O Palmeiras vai à CBF e STJD para contestar a súmula de Raphael Claus sobre a vitória por 2 a 1 contra o São Paulo . Anderson Barros, diretor de futebol alviverde, diz que o árbitro mentiu ao relatar confusões do Choque-Rei, inclusive a que o envolveu, no intervalo da partida. – Não vamos entrar com ofício para a comissão de arbitragem. Vamos entrar com representações nos tribunais competentes. Quando se tem uma súmula que não é verdadeira, tem muitos erros, vamos contestá-la. Senão a súmula é sempre soberana, você paga por algo que não cometeu. Quando você erra, tem que pagar. E chegou a um momento em que precisamos dar um basta – disse, ao ge. Na súmula, Claus escreveu que Barros o confrontou no intervalo do jogo, com a seguinte declaração:
– Claus, qual o seu problema com a nossa comissão técnica? Você tem problema, é melhor não apitar mais. Você é tendencioso. O diretor de futebol do Palmeiras diz que o árbitro não fez o relato completo. – Falei com o Claus, e repito religiosamente o que falei. Por isso vou dizer que o Claus está sendo mentiroso. – Não falei isso. Disse: "você está sendo tendencioso", naquele momento. E vou provar isso, com tudo que aconteceu durante o jogo – rebateu. – Não disse que ele é tendencioso. E ainda falei com comprovações, de que falei que o respeito. Errei por que gritei? Ok, sou o primeiro a assumir. Mas se não quer apitar com esta comissão técnica, você não apita, ok. Bota gente nova.
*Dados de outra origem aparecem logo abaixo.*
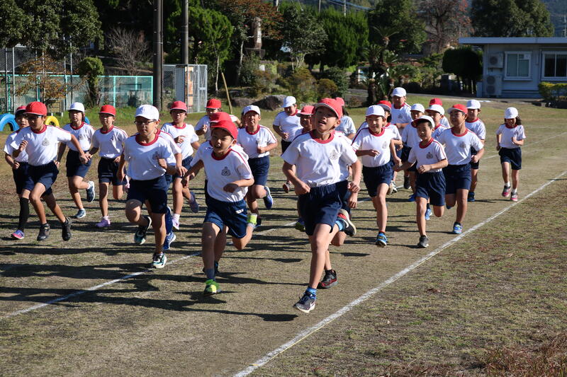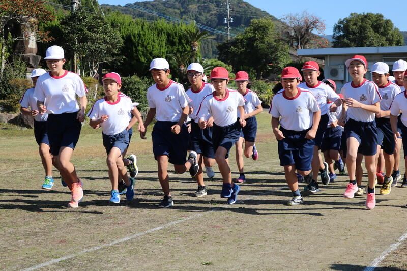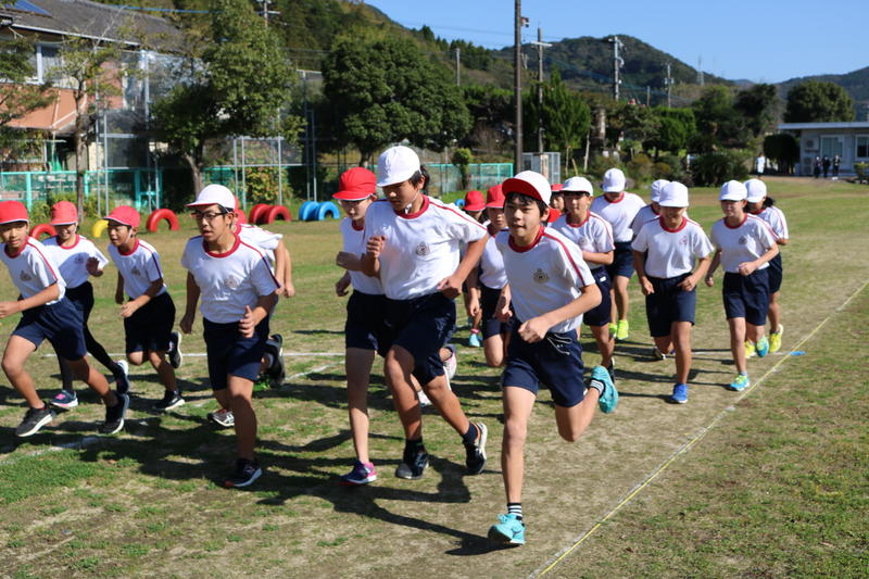 11月20日(土)雲ひとつない晴天の下、令和3年度校内持久走大会を実施しました。低・中・高学年それぞれの部に全校児童73人が参加し、全員が完走しました。長い距離を一定のペースを保ちながら走り抜くのは辛いですが、自分の新記録を目指して練習段階から頑張り、この日を迎えました。たくさんの保護者の皆様、地域の皆様の温かい応援を受けて、気持ちよく走り抜くことができたようです。PTA役員の皆様、駐在所の奥村さん、青パトの渡邊さん、福富さんはじめ、たくさんの方のご協力のおかげで、大きな怪我もなく無事に大会を実施することができました。深く感謝申し上げます。持久走大会への取り組みをとおして、目標に向かって持久力と忍耐力を磨き、さらに成長した栖本っ子たちの今後にもどうぞご期待ください。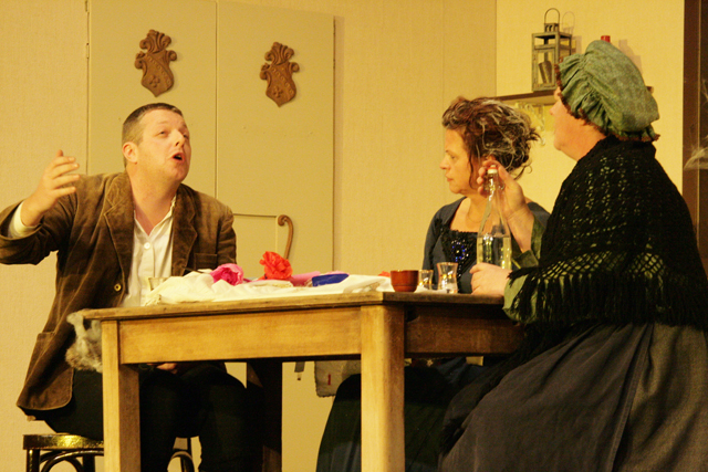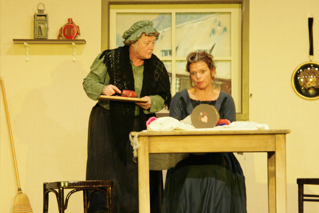 Semen vindt dat Doesjka een moeder moet hebben, dus stuurt hij zijn knecht Mitsjka er op uit om zijn vroegere geliefde Polinka bij hem thuis uit te nodigen om kennis te maken met haar dochter. Deze oude operazangeres, die een liederlijk leven leidde met haar vele minnaars, leeft nu eenzaam bij de gratie van vroedvrouw Matrena en gaat op de uitnodiging in.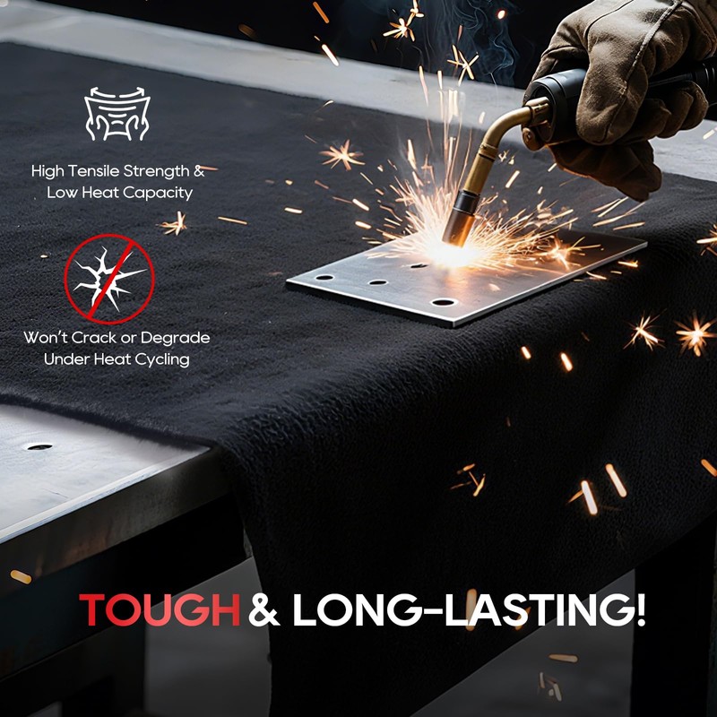 - Exceptional High Temp Resistance – Up to 2200℉: Made from 100% pre-oxidized carbon felt, this welding blanket withstands extreme temperatures up to 2200℉ (1200℃). UL94 fire-retardant certified and MSDS tested, it delivers dependable heat shielding during welding, soldering, brazing, and other high-heat tasks

Anderson Barros ainda critica o relato da expulsão de João Martins. O auxiliar de Abel Ferreira levou o cartão vermelho direto ao fim do primeiro tempo, de acordo com a súmula por ter dito: – Tem que apitar para os dois lados, seu critério é uma vergonha. A arbitragem aqui é uma vergonha. No intervalo, João chamou Claus de mentiroso, de acordo com o documento assinado pelo árbitro. – Quando ele fala do João Martins, seu critério é uma vergonha. O árbitro em um jogo de futebol daquele, escuta tudo com perfeição e relata aquilo e está valendo? – questionou Barros. – Por que ele expulsou o João Martins? Porque disse que usou critérios diferentes, aí para ele (Claus) diz que a arbitragem é uma vergonha. Então o STJD, tem leitura labial. Não pode ser só assim, jogar todo mundo contra todo mundo – completou.
O Palmeiras deixou o Allianz Parque sem entrevistas de Abel Ferreira nem jogadores pela confusão generalizada que ocorreu ao apito final. Anderson Barros explicou o porquê. – Era dar som para uma barbárie em que todos estão errados. Com a briga, todos estão errados. Todo mundo está errado, não pode acontecer no futebol, não pode acontecer no futebol – ressaltou. Para o diretor de futebol, o acontecimento que rendeu as expulsões de Rodrigo Nestor e Zé Rafael depois do jogo, demonstra a "falência" dos envolvidos no futebol e responsabilizou os dois clubes. – As pessoas não podem inverter valores. Se o gandula errou, vai ser punido por isso, é justo. Mas não podem esquecer que quando o Veiga chutava a bandeirinha do Palmeiras , tomava (cartão) amarelo. Ele (Luciano) chutou a nossa bandeira e mandou a torcida calar a boca. Tem que ter um pouco de senso – avaliou. – O culpado é o São Paulo e o Palmeiras . Os atletas, seguranças, dirigentes. Não é justo cometermos uma barbárie e transferir a responsabilidade para quem menos tem – prosseguiu. – Estamos destruindo um grande produto, nosso futebol, que nos sustenta – concluiu.